Boniface VIII defined that “outside of [the church] there is neither salvation nor the remission of sins”. Could it be that, after the schism, its monastic adherents being deprived of habitual grace, they developed a pseudo-nepsis as a technique rather than a spiritual exercise which opens the soul not to the passive purgation of the senses but to the influence of separated substances opposed to God? This idea seems to be anticipated by Maritain in The Degrees of Knowledge:

What metaphysician, not to speak of the ancient Brahmins, has felt more keenly than Plotinus this burning desire for the supreme unity? But the ecstasy of Plotinus is not this supreme act, rather is it the vanishing point of metaphysics, and metaphysics alone does not suffice to procure it. The good fortune which Plotinus knew four times during the six years that Porphyry lived with him suggests a brief contact with an intellectual light in its nature of greater force, the spasm of a human mind in contact with a pure spirit.
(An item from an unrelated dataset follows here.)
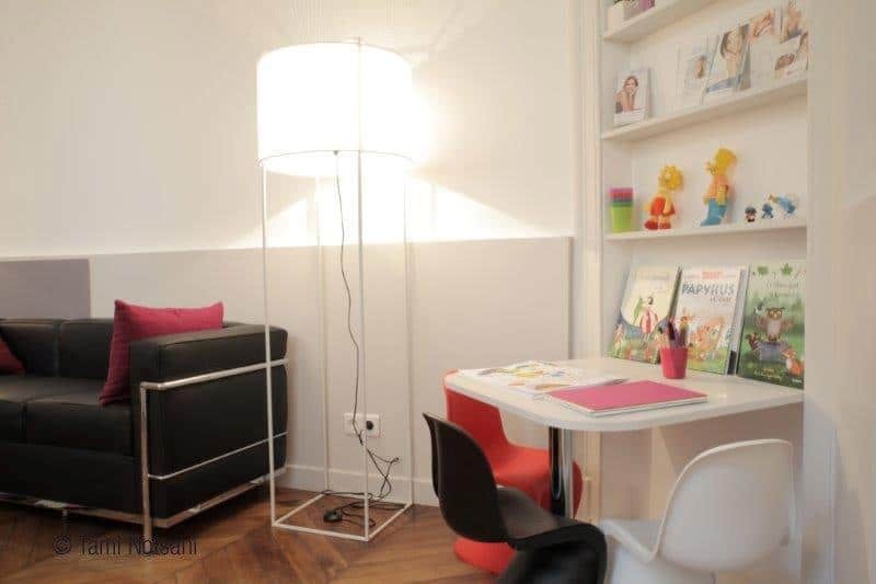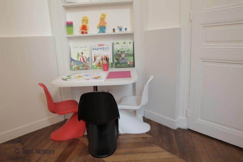 - La cheminée ancienne a été transformée en coin ludique pour les enfants.

If we believe Porphyry when he says that his master was born the thirteenth year of the reign of Severus, that he heard Ammonius at Alexandria, that he came to Rome when he was forty, that he died in the Campagna, and when he describes to us his state of health and way of life, his kindness to the orphans committed to his care, his way of teaching, of composing, of pronouncing Greek, his handwriting, etc., why do we not believe him when he says that the philosopher was inspired by a daemon who lived with him, and which showed itself, in a sensible form, at his death? ‘At that moment a serpent passed under the bed in which he was lying and glided into a hole in the wall; and Plotinus gave up his soul in death.’ What would be astonishing would be if the metaphysical eras, there where Christ does not dwell, did not call forth some form of collusion with superhuman intellectual natures, rectores hujus mundi.